INFORMATION PROVIDED:
········
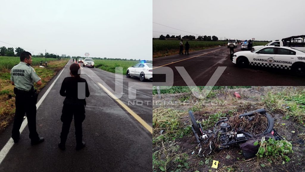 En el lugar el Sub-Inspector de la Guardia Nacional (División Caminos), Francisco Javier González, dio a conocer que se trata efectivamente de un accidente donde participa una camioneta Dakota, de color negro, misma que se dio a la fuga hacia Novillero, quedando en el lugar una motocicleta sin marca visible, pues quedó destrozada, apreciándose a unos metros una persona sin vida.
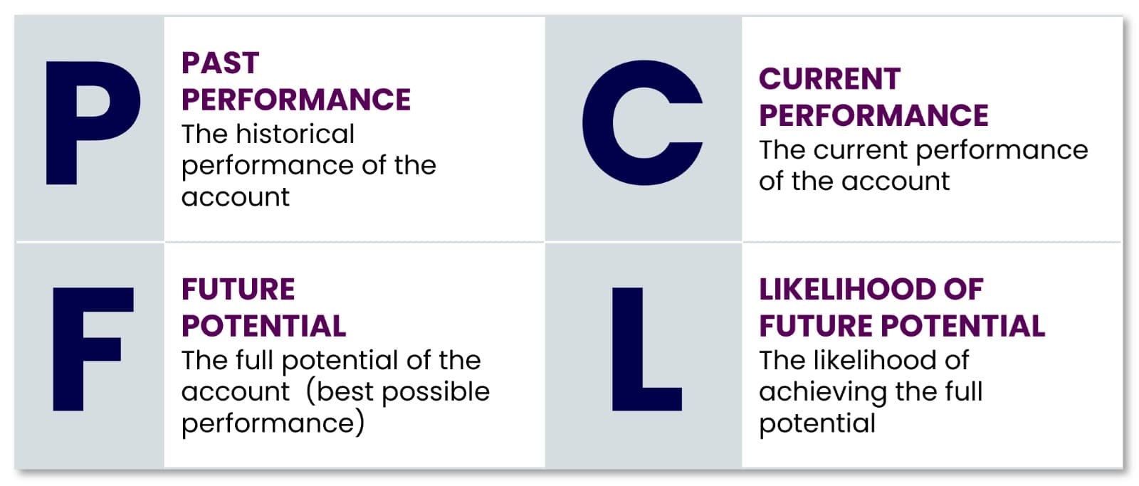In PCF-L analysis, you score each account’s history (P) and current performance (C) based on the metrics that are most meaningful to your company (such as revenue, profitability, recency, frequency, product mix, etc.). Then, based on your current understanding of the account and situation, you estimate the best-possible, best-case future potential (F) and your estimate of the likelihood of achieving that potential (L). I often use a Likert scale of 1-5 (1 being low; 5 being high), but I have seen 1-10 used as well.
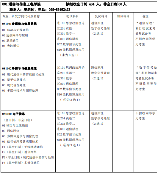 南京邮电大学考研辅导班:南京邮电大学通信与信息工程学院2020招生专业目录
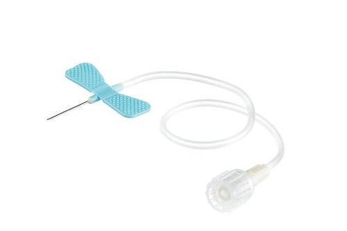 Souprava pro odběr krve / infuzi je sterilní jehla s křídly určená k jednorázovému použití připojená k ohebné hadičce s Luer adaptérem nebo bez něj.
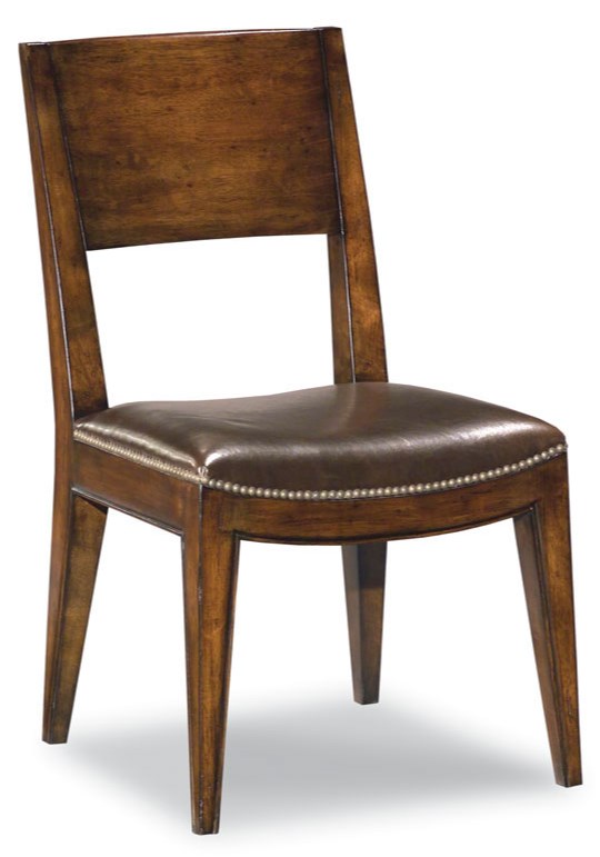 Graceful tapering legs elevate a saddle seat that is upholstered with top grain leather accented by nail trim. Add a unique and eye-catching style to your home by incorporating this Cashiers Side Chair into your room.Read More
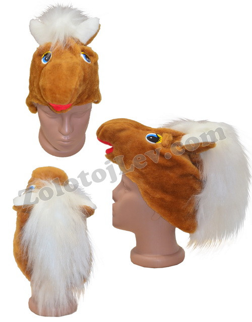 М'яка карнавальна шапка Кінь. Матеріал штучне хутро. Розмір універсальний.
········
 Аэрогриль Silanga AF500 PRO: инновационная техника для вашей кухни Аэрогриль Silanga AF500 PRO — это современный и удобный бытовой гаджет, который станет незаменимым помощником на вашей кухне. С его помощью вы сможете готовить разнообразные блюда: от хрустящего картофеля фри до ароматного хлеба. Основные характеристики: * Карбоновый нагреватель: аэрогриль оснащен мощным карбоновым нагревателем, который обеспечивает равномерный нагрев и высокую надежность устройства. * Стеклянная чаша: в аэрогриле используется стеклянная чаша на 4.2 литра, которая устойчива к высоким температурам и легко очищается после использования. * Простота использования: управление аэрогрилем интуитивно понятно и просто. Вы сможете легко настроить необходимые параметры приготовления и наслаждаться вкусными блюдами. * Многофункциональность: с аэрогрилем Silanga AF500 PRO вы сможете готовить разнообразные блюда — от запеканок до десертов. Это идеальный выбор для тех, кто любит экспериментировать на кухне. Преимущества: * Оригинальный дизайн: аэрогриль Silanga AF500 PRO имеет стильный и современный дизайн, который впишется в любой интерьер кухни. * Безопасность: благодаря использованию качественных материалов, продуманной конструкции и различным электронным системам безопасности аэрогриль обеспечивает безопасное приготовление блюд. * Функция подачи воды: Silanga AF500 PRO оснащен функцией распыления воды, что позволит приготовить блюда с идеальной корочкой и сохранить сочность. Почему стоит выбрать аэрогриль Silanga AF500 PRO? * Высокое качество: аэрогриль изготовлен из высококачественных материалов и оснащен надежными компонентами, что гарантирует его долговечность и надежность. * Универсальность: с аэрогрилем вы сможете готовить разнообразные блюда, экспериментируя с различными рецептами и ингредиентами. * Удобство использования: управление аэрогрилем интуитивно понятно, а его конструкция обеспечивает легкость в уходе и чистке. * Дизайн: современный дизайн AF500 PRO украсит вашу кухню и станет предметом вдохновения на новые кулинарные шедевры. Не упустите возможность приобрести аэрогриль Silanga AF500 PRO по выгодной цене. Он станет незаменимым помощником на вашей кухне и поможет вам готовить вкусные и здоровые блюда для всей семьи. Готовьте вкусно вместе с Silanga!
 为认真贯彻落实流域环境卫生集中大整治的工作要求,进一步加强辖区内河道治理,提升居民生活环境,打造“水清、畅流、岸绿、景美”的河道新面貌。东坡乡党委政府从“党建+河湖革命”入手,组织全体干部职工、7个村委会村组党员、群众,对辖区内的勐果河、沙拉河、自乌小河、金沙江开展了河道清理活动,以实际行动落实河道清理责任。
········
WHAT THE TASK ASKS: No picture is to be printed. Output exactly the lines above from the line containing "南京邮电大学考研辅导班:南京邮电大学通信与信息工程学院2020招生专业目录" through the line containing "М'яка карнавальна шапка".

EXERCISE OUTPUT:
 南京邮电大学考研辅导班:南京邮电大学通信与信息工程学院2020招生专业目录
 Souprava pro odběr krve / infuzi je sterilní jehla s křídly určená k jednorázovému použití připojená k ohebné hadičce s Luer adaptérem nebo bez něj.
 Graceful tapering legs elevate a saddle seat that is upholstered with top grain leather accented by nail trim. Add a unique and eye-catching style to your home by incorporating this Cashiers Side Chair into your room.Read More
 М'яка карнавальна шапка Кінь. Матеріал штучне хутро. Розмір універсальний.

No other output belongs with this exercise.